Robots, AI and Inspiring Minds

On Saturday, we hosted seventy-five Year 10 students at Augustine House, Canterbury, for the second session in our Inspiring Minds series: Does Siri “just” listen? Delivered by Christ Church academics and top academics from across the country, Inspiring Minds teaches science and maths in a fun and interactive way.

A huge thanks to our very own student ambassadors, Sophie (2nd year Sociology student), Polly (Special Education and Inclusion Studies student) and Elizabeth (Creative and Professional Writing student) for helping out at the event and sharing their highlights from the day…

Blog by Sophie, Polly and Elizabeth

Boundless enthusiasm met a frosty but sunny City of Canterbury morning today, with Year 10 students from surrounding secondary schools returning to Canterbury Christ

Church University for a day of knowledge, learning and fun.

ROBOTS! Yes, there were robots- from small, respectively cute ones to a reluctant humanoid that just wanted to go back to sleep, the room was certainly intrigued to see what these marvellous machines could really do. We were to ask many questions today, from what we really mean when we talk about computers, robots and artificial intelligence, to the big questions which have been troubling the world for a good few years now…at what point to robots really become humans, and vice versa? Do robots really understand us? Can they hear us? All questions which really stressed the minds of both students and adults alike.

To try and answer these questions, we got introduced to Mitsuku – a three-time winner of the Loebner Prize Turing Test. For this, students and ambassadors had to chat to Mitsuku online, and try and determine whether they were in fact talking to a human or a robot by asking questions. The results turned out to be very exciting and thought-provoking, with one team believing they were talking to a robot and were in fact having a conversation with a human, and many other teams vice versa.

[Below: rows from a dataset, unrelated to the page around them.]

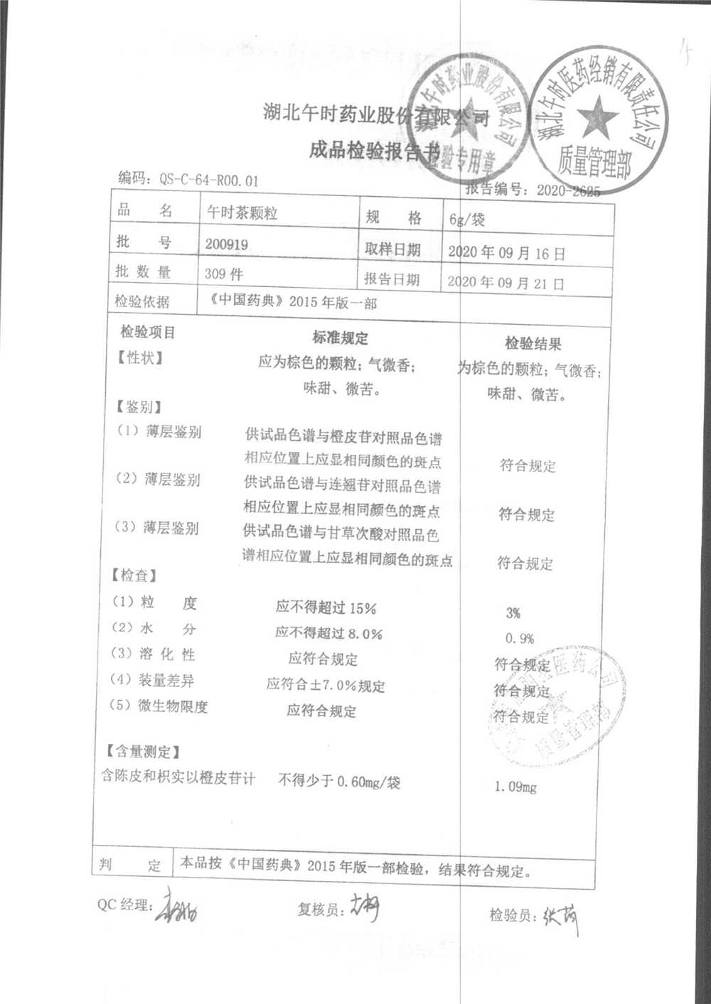 午时茶颗粒 | 6g | 200919 | 查看详情 |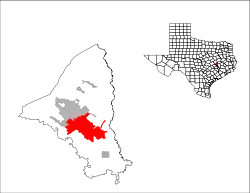 College Station is a city in Brazos County, Texas, situated in East-Central Texas in the heart of the Brazos Valley, in the center of the region known as Texas Triangle. It is 83 miles (130 kilometers) northwest of Houston and 87 miles (140 km) east northeast of Austin. As of the 2010 census, College Station had a population of 93,857,[4] which had increased to an estimated population of 117,911 as of July 2019.[5] College Station and Bryan together make up the Bryan-College Station metropolitan area, the 13th-largest metropolitan area in Texas with 273,101 people as of 2019.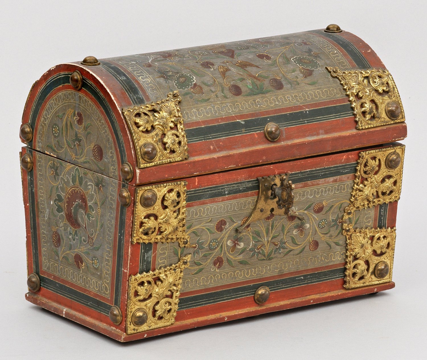 Holz mit Messingbeschlägen. Runddeckeltruhe mit rechteckiger Grundform, vorderseitigem Schloss, rücks. Deckelscharnieren und stilisiert floralen Eckbeschlägen. Am Deckel und den Seiten dunkel gerahmte Kartuschen in rotem Fond vor blauem Hintergrund, mit vegetabilen Dekor in Form von Blüten und Erdbeeren. Zentral auf dem Deckel zudem ein gekröntes Herz unter zwei verschränkten Händen sowie zwei Vögel. Mit roter Seide augekleidet. Schlüssel. Altersspuren. H. 22 cm. 26 cm - 16,5 cm.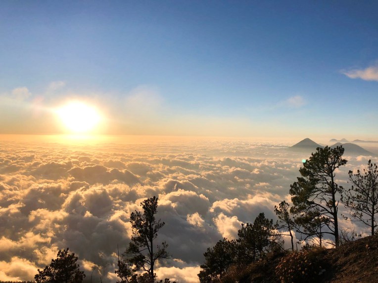 So, the actual hike on the first and main day of hiking takes around 5 to 6 hours and then another hour early in the morning on day two. Its steep, its not easy to walk up on the fragile ground at times, its hot (and at night super cold), but the view is so worth all the pain and seeing Fuego erupt from the base camp and again on top of Acatenango was one of the dopest travel experiences I have ever had. Nothing compares to standing on top of a volcano above the clouds, seeing the sun go down and then lava running down. Nature is crazy and so beautiful, I truly could have cried when we reached the very top.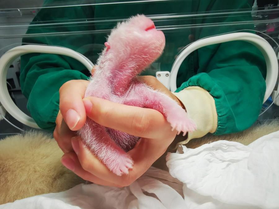 El bebé panda nació casi 40 horas después de que se rompiera la fuente de Cuicui.

These results just made us question what makes a human ‘human’ even more, stimulating many discussions and debates around the room! After a quick break with re-fuelling the minds with the ever-so popular baked-in-house flapjacks, fruit bowls and crisps, it was time to work on the CREST Award projects. To start off with, a short talk about the science and technology behind robots and how they work, was given to the students. Optical illusions was then the next topic of discussion and heavy debates…was that dress blue or white?! Our brains are so easily fooled! After some time filling in the CREST workbooks and having a good discussion about our chosen topic, soon enough it was break time again!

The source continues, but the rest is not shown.